- _What to produce_
Extract each line of the material that follows exactly and omit its pictures.

- _Data segment_
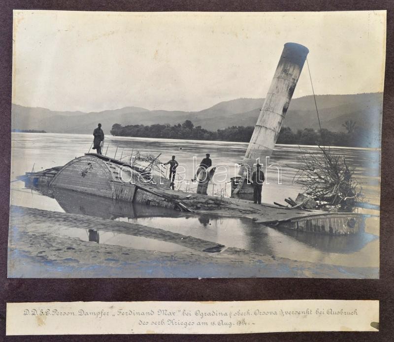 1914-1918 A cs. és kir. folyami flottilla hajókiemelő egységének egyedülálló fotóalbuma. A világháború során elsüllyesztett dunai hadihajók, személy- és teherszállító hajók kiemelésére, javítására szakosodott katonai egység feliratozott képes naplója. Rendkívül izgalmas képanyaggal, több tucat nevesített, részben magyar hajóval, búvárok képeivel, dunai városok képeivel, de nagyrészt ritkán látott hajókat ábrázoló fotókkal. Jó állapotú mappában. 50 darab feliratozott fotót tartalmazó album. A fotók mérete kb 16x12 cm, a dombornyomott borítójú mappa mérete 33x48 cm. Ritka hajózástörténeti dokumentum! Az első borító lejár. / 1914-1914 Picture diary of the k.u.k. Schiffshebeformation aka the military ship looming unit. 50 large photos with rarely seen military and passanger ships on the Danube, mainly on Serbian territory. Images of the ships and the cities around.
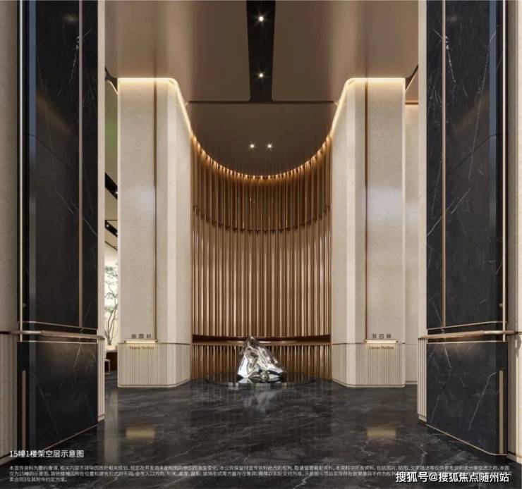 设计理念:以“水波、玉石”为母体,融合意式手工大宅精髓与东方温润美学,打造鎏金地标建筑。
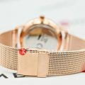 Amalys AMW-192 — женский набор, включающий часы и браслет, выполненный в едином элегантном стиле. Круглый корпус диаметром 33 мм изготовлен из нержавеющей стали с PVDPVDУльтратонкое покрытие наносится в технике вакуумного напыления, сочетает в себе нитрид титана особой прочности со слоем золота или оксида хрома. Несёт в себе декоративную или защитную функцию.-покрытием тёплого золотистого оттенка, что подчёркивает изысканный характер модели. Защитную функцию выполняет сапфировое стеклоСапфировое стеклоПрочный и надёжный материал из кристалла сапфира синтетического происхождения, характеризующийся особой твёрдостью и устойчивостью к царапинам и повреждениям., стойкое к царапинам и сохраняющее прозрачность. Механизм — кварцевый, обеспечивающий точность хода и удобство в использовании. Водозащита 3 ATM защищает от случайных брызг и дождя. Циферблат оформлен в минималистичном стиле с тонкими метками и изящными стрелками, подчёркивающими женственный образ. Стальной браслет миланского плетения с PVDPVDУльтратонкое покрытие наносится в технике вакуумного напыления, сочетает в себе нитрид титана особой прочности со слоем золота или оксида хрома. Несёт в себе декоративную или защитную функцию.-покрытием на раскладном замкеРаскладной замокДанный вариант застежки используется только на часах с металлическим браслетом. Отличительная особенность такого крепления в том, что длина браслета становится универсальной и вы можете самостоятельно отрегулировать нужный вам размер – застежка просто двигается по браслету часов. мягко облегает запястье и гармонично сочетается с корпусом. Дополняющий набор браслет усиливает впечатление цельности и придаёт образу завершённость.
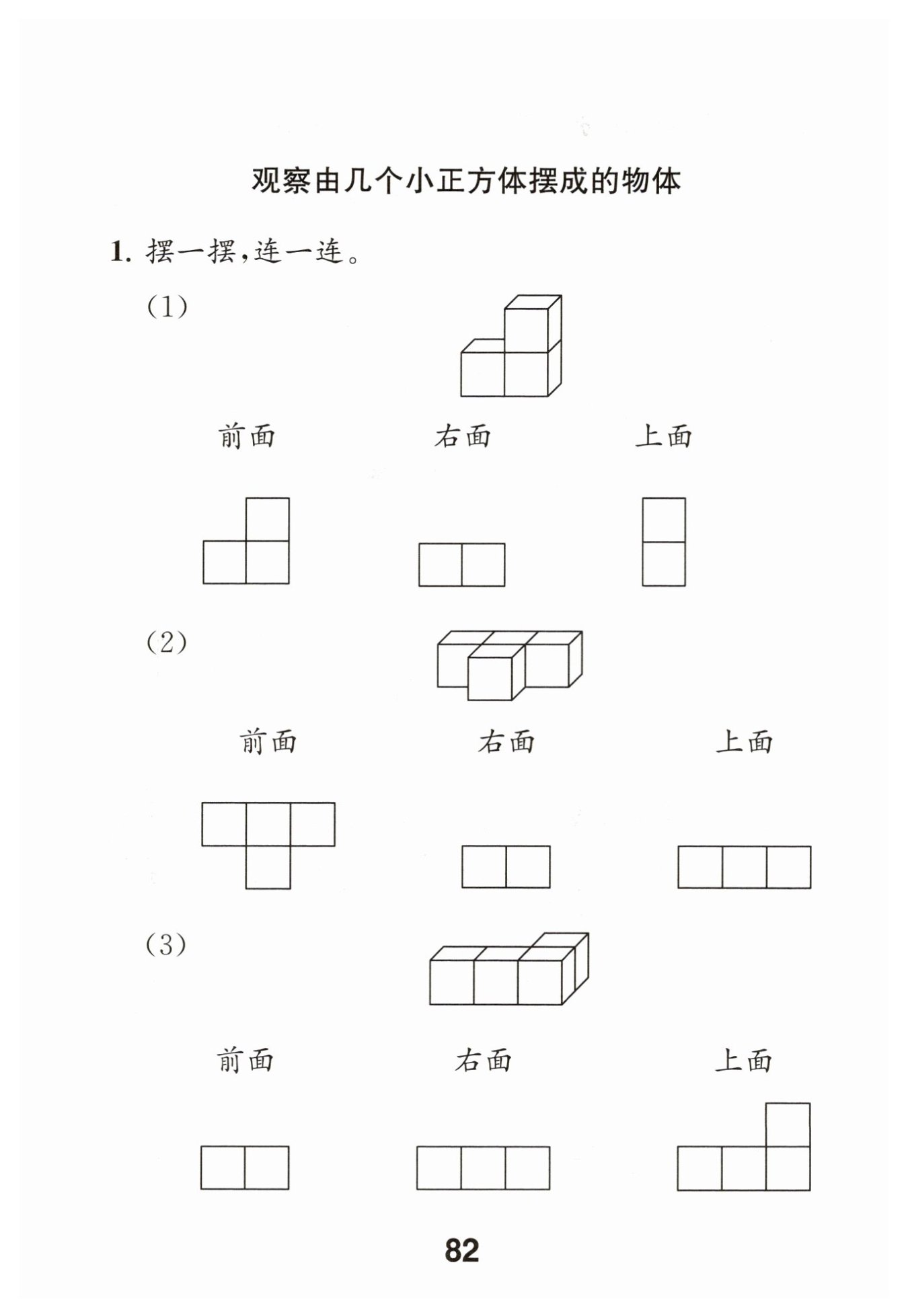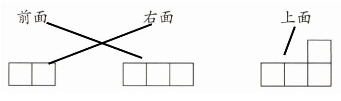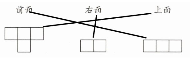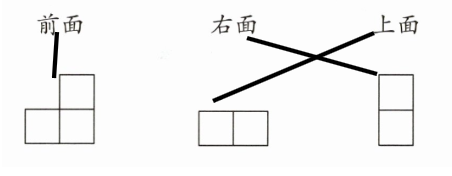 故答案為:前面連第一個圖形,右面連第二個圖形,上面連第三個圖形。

- _Solution to the exercise_
 1914-1918 A cs. és kir. folyami flottilla hajókiemelő egységének egyedülálló fotóalbuma. A világháború során elsüllyesztett dunai hadihajók, személy- és teherszállító hajók kiemelésére, javítására szakosodott katonai egység feliratozott képes naplója. Rendkívül izgalmas képanyaggal, több tucat nevesített, részben magyar hajóval, búvárok képeivel, dunai városok képeivel, de nagyrészt ritkán látott hajókat ábrázoló fotókkal. Jó állapotú mappában. 50 darab feliratozott fotót tartalmazó album. A fotók mérete kb 16x12 cm, a dombornyomott borítójú mappa mérete 33x48 cm. Ritka hajózástörténeti dokumentum! Az első borító lejár. / 1914-1914 Picture diary of the k.u.k. Schiffshebeformation aka the military ship looming unit. 50 large photos with rarely seen military and passanger ships on the Danube, mainly on Serbian territory. Images of the ships and the cities around.
 设计理念:以“水波、玉石”为母体,融合意式手工大宅精髓与东方温润美学,打造鎏金地标建筑。
 Amalys AMW-192 — женский набор, включающий часы и браслет, выполненный в едином элегантном стиле. Круглый корпус диаметром 33 мм изготовлен из нержавеющей стали с PVDPVDУльтратонкое покрытие наносится в технике вакуумного напыления, сочетает в себе нитрид титана особой прочности со слоем золота или оксида хрома. Несёт в себе декоративную или защитную функцию.-покрытием тёплого золотистого оттенка, что подчёркивает изысканный характер модели. Защитную функцию выполняет сапфировое стеклоСапфировое стеклоПрочный и надёжный материал из кристалла сапфира синтетического происхождения, характеризующийся особой твёрдостью и устойчивостью к царапинам и повреждениям., стойкое к царапинам и сохраняющее прозрачность. Механизм — кварцевый, обеспечивающий точность хода и удобство в использовании. Водозащита 3 ATM защищает от случайных брызг и дождя. Циферблат оформлен в минималистичном стиле с тонкими метками и изящными стрелками, подчёркивающими женственный образ. Стальной браслет миланского плетения с PVDPVDУльтратонкое покрытие наносится в технике вакуумного напыления, сочетает в себе нитрид титана особой прочности со слоем золота или оксида хрома. Несёт в себе декоративную или защитную функцию.-покрытием на раскладном замкеРаскладной замокДанный вариант застежки используется только на часах с металлическим браслетом. Отличительная особенность такого крепления в том, что длина браслета становится универсальной и вы можете самостоятельно отрегулировать нужный вам размер – застежка просто двигается по браслету часов. мягко облегает запястье и гармонично сочетается с корпусом. Дополняющий набор браслет усиливает впечатление цельности и придаёт образу завершённость.
 故答案為:前面連第一個圖形,右面連第二個圖形,上面連第三個圖形。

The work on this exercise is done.